The Discovery of France
- First edition (UK)
- Author: Graham Robb
- Language: English
- Publisher: Picador (UK)
- Publication date: September 2007
- Publication place: United Kingdom
- Media type: Print (hardback & paperback)
- Pages: 454
- ISBN: 0330427601
- Website: The Discovery of France

= The Discovery of France =

2007 book by Graham Robb

The Discovery of France: A Historical Geography, from the Revolution to the First World War is a book by Graham Robb. It was published in September 2007 in the United Kingdom by Picador and in October 2007 in the United States by W. W. Norton and Company. The book, a result of cycling 14,000 mi around France coupled with four years of research, is an in-depth examination of French national identity as seen through the diverse cultures and languages contained within the country.

==Reception==

=== In the popular press ===
Writing for The Guardian, British historian Andrew Hussey described it as an "elegant, entertaining and occasionally brilliant overview of France past and present", noting that despite Robb's academic background in French literature, it is written in the style of an accomplished novelist, and lamented that the "discovery" of this element of French history was identified by an English writer, and was yet to be "discovered" by the French themselves. In the Boston Globe, Richard Eder suggested that the time spent on the bicycle provided Robb with a fresh approach to telling the history of France, but the four years he spent in the library meant there was a "conscientious pursuit" of detail within the book, covering such a wide variety of topics such as road building, touring, postcards, seaside development, spas, cave exploration, marsh reclamation, and the mountaineering vogue, which weighed the book down and detracted from the core themes.

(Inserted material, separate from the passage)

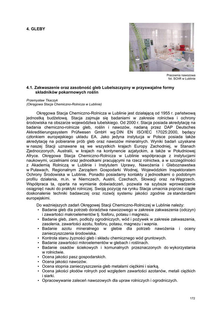 4. GLEBY Pracownia nawozowa fot. SChR w Lublinie 4.1. Zakwaszenie oraz zasobność gleb Lubelszczyzny w przyswajalne formy składników pokarmowych roślin Przemysław Tkaczyk (Okręgowa Stacja Chemiczno-Rolnicza w Lublinie) Okręgowa Stacja Chemiczno-Rolnicza w Lublinie jest działającą od 1955 r. państwową jednostką budżetową. Stacja zajmuje się badaniami w zakresie rolnictwa i ochrony środowiska na obszarze województwa lubelskiego. Od 2000 r. Stacja posiada akredytację na badania chemiczno-rolnicze gleb, roślin i nawozów, nadaną przez DAP Deutsches Akkreditierungssystem Prüfwesen GmbH wg DIN EN ISO/IEC 17025:2000, będący członkiem europejskiego układu EA. Jako jedyna instytucja w Polsce posiada także akredytację na pobieranie prób gleb oraz nawozów mineralnych. Wyniki badań uzyskane w naszej Stacji uznawane są we wszystkich krajach Europy Zachodniej, w Stanach Zjednoczonych, Australii, w krajach na kontynencie azjatyckim, a także w Południowej Afryce. Okręgowa Stacja Chemiczno-Rolnicza w Lublinie współpracuje z instytucjami naukowymi, uczelniami oraz jednostkami pracującymi na rzecz rolnictwa, a w szczególności z Akademią Rolniczą w Lublinie i Instytutem Uprawy, Nawożenia i Gleboznawstwa w Puławach, Regionalnym Zarządem Gospodarki Wodnej, Wojewódzkim Inspektoratem Ochrony Środowiska w Lublinie. Ponadto posiadamy kontakty z jednostkami o podobnym profilu działania, m.in. w Niemczech, Austrii, Czechach, Słowacji oraz na Węgrzech. Współpraca ta, oparta na wymianie doświadczeń, pozwala na szybsze wprowadzenie osiągnięć nauki do praktyki rolniczej. Swoją pozycję na rynku Stacja umacnia poprzez ciągłe doskonalenie techniki badawczej oraz rozwój systemu jakości zgodnie ze standardami europejskimi. Do ważniejszych zadań Okręgowej Stacji Chemiczno-Rolniczej w Lublinie należy: • Badanie gleb dla potrzeb doradztwa nawozowego w zakresie zakwaszenia (odczyn) i zawartości makroelementów tj. fosforu, potasu i magnezu. • Badanie gleb, ziem, podłoży ogrodniczych, wód i pożywek w zakresie zakwaszenia, zasolenia, zawartości azotu, fosforu, potasu, magnezu i wapnia. • Badanie azotu mineralnego w glebie dla potrzeb nawożenia i oceny zanieczyszczenia środowiska. • Kontrola stanu żyzności gleb i składu chemicznego wód gruntowych. • Badanie zawartości mikroelementów w glebach i roślinach. • Badanie osadów ściekowych i komunalnych przeznaczonych do wykorzystania w rolnictwie. • Ocena jakości pasz gospodarskich. • Ocena jakości nawozów. • Ocena stopnia zanieczyszczenia gleb metalami ciężkimi i siarką. • Ocena jakości płodów rolnych pod względem zawartości azotanów, metali ciężkich i siarki. • Opracowywanie zaleceń nawozowych dla upraw rolniczych i ogrodniczych. 172 • Sporządzanie map stanu zakwaszenia, potrzeb wapnowania oraz zasobności gleb w makro- i mikroelementy. • Opiniowanie przydatności gruntów w zakresie ich rolniczego zagospodarowania. • Wykonywanie ekspertyz i wydawanie opinii dotyczących zasobności gleb, składu chemicznego roślin i nawozów oraz prawidłowego stosowania nawozów. • Doradztwo nawozowe dla różnych kierunków produkcji roślinnej. • Prowadzenie działalności szkoleniowej i informacyjnej. • Tworzenie i prowadzenie bazy danych dotyczących zasobności gleb w azot i fosfor oraz zanieczyszczenia azotanami wód w profilu glebowym do 90 cm pod powierzchnią terenu. Wstęp Nadmierne zakwaszenie gleb jest czynnikiem zmniejszającym efektywność stosowania większości zabiegów agrotechnicznych, a zwłaszcza nawożenia mineralnego oraz przyczynia się do ograniczenia plonów. Oprócz tego obserwuje się wtórne skutki zakwaszenia gleby, do których należy zmniejszenie trwałości wiązań pakietów minerałów, rozpad makrokrystalicznej struktury wtórnych minerałów ilastych, zmniejszenie zdolności sorpcyjnej, a przede wszystkim pojawienie się dużych ilości glinu i manganu toksycznego dla roślin. Główną przyczyną tego stanu jest nasz umiarkowany klimat z przewagą opadów nad parowaniem, w wyniku czego kationy zasadowe, głównie magnez (Mg2+) i wapń (Ca2+), przemieszczane są w głąb gleby. Również duży wpływ na zakwaszenie mają rośliny, które zubożają glebę pobierając z niej niezbędne do wzrostu i rozwoju pierwiastki, w tym kationy zasadowe (Ca2+ i Mg2+). Oprócz czynników naturalnych nie mniej ważne są tzw. czynniki antropogeniczne do których należą: stosowanie nawozów (szczególnie azotowych typu amonowego i nawozów potasowych), zanieczyszczenie powietrza, zwłaszcza związkami siarki i azotu (w postaci kwaśnych opadów mokrych lub suchych). Szczególną rolę w procesie zakwaszenia odgrywa niedostosowanie dawek nawozów fizjologicznie kwaśnych do faktycznych potrzeb nawozowych roślin. Zabiegiem ograniczającym niepożądane skutki zakwaszenia gleb jest wapnowanie Naturalna zasobność gleb uprawnych w składniki pokarmowe nie zabezpiecza w pełni potrzeb pokarmowych roślin. Brak odpowiedniej ilości składników w formach przystępnych w środowisku bytowania roślin wpływa na spadek plonów oraz obniżenie ich wartości biologicznej. Konsekwencją zbyt niskiej zasobności gleb w składniki pokarmowe w stosunku do potrzeb pokarmowych roślin jest spadek żyzności gleby, wynikający z wyczerpania jej ze składników pokarmowych. Składniki pokarmowe roślin występują w glebie w różnych formach i ilościach. Z rolniczego punktu widzenia czyli żywienia roślin, najważniejszą grupę stanowią formy przyswajalne, na które to składają się ilości pierwiastka znajdujące się w roztworze glebowym, kompleksie sorpcyjnym oraz występujące w formie słabiej rozpuszczalnych soli. O ich pobraniu decyduje wiele czynników, z których najważniejsze to wiek i gatunek rośliny, wilgotność i napowietrzenie gleby, odczyn, stosunki jonowe, a także temperatura i nasłonecznienie. Do najważniejszych makroelementów m

On April 28, 2008, the book was awarded the £10,000 Ondaatje Prize by the Royal Society of Literature in London. It also won the 2007 Duff Cooper Prize, earning Robb £5,000.

=== Among scholars of modern French history ===
Compared to its reception in the popular press, the response the book elicited among scholars of modern French history was "uniformly negative, even indignant", according to Steven Kale, Professor of History at Washington State University. Writing in H-France Review, he said that its "pervasive ahistorical anti-modernism is almost as irritating as its scholarly inadequacies". He detected that "its appeal has more to do with….the opinion of a certain segment of the Anglo-American middle class, for whom Robb’s anti-modernist green progressivism has broad resonance".

David Bell, Professor of History at Princeton University, specialising in French history, called it "a distressingly bad book", being little more than a "recycling of nineteenth-century myths". In a lengthy and detailed review in The New Republic, Bell said that Robb "failed to read or failed to understand most of the secondary works in his own bibliography". Robb was "trying to resuscitate a vision of pre-modern French rural life that serious scholarship has by now thoroughly discredited".

Another historian from the United States, Joseph A. Amato, said the book would please those who like evocative stories of history, but that it does not provide much in the way of extended analyses and argumentations.

== Translations ==
It has been translated into French under the title of Une Histoire buissonnière de la France, published by Libres Champs and into Dutch under the title De ontdekking van Frankrijk by Atlas and Olympos.